**Description of the task:**
Would you repeat word for word the lines of the listing that follows, from the one with "وظائف شاغرة من" up to and including the one with "Woman showing thumbs", and leave out the images?

**Dataset:**

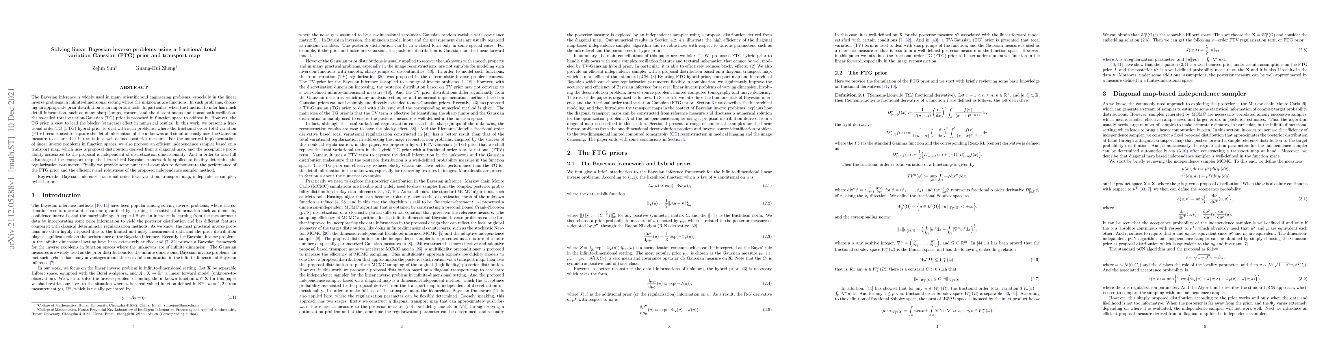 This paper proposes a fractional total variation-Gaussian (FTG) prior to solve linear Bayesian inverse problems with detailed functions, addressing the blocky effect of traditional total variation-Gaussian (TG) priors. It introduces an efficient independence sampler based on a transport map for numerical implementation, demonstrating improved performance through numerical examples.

==

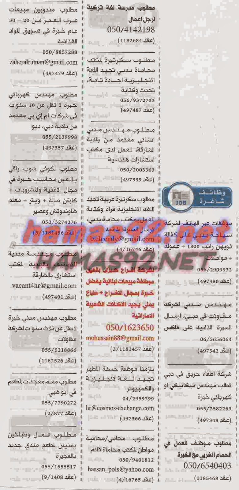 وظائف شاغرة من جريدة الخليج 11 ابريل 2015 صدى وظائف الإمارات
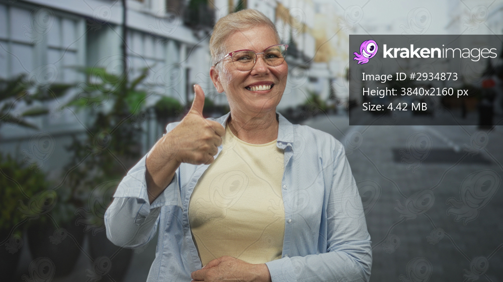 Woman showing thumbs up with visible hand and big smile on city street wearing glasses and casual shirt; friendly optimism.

**Solution to this problem:**
 وظائف شاغرة من جريدة الخليج 11 ابريل 2015 صدى وظائف الإمارات
 Woman showing thumbs up with visible hand and big smile on city street wearing glasses and casual shirt; friendly optimism.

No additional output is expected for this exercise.